# ti ringraziano



## MOMO2

Come si direbbe questa frase?

X, Tizio, Caio e Sempronia ti salutano e ti ringraziano.

X al vocativo, giusto?
poi i nomi al nominativo e poi ?
te salutant et gratias permultas ago tibi? 

Ago va bene anche se i soggetti sono più d'uno?

Grazie


----------



## XiaoRoel

X (vocativo), Caius Semproniaque te salutant et gratias tibi agunt.


----------



## MOMO2

XiaoRoel said:


> X (vocativo), Caius Semproniaque te salutant et gratias tibi agunt.


 
Gratias XiaoRoel !

E se volessimo mettere per cosa lo stiamo ringraziando? 

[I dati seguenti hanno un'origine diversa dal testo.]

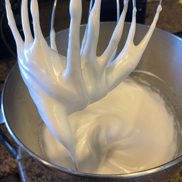 Continue to whip on medium speed until the meringue reaches medium stiff peaks. Here’s what you want it to look like:
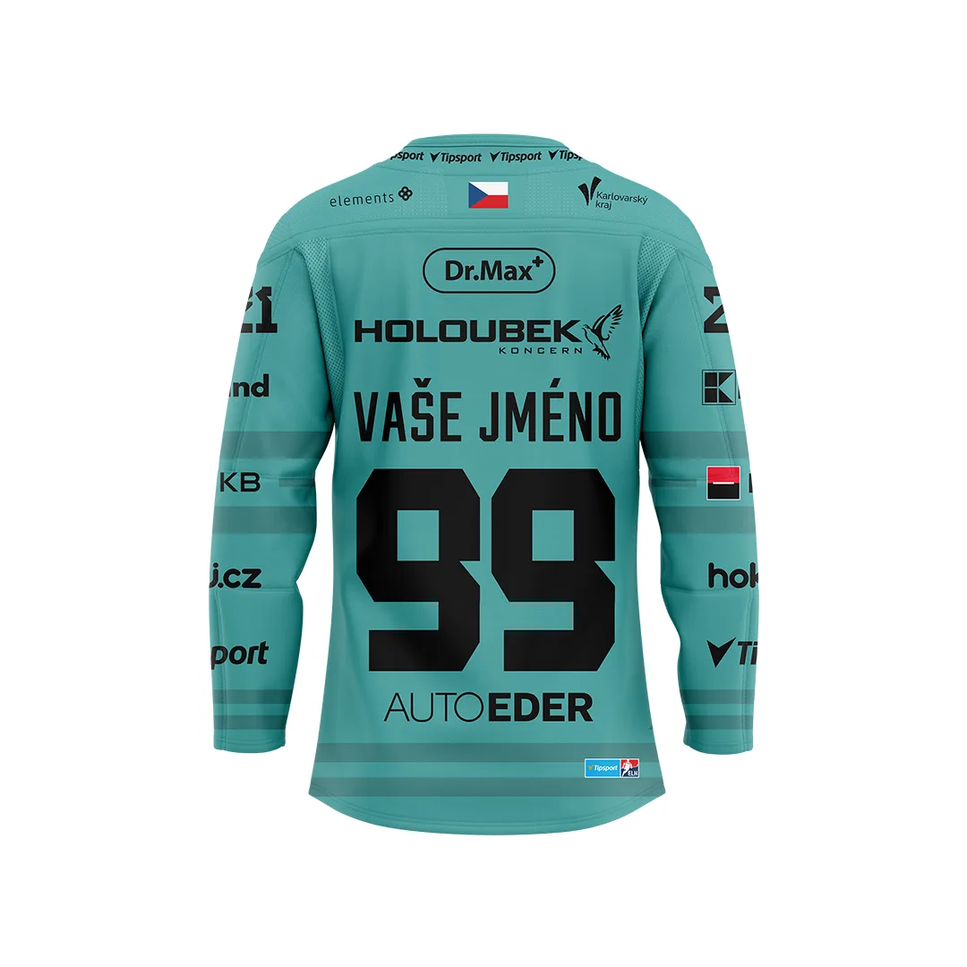 Originální hráčský dres HC Energie 25–26 na objednávku — venkovní tyrkysový. Identický s dresem, který hráči nosí při venkovních zápasech. Jméno a číslo na přání.

Come dovrei rendere il complemento?

X., T. , C. e S. ti salutano e ti ringraziano per l'attestazione. (questo ci ha fatto avere un'attestazione che aspettavamo da tempo)
X, Titius, Caius Semproniaque te salutant et gratias agunt tibi ... testimonium


----------



## XiaoRoel

Con _de + ablativo_.


----------



## MOMO2

Grazas. 
Momodos


----------



## Stoicorum_simia

An alternative is to write X (dativo) Caius Semproniaque salutant et gratias agunt - like a letter heading - even to the person you are addressing


----------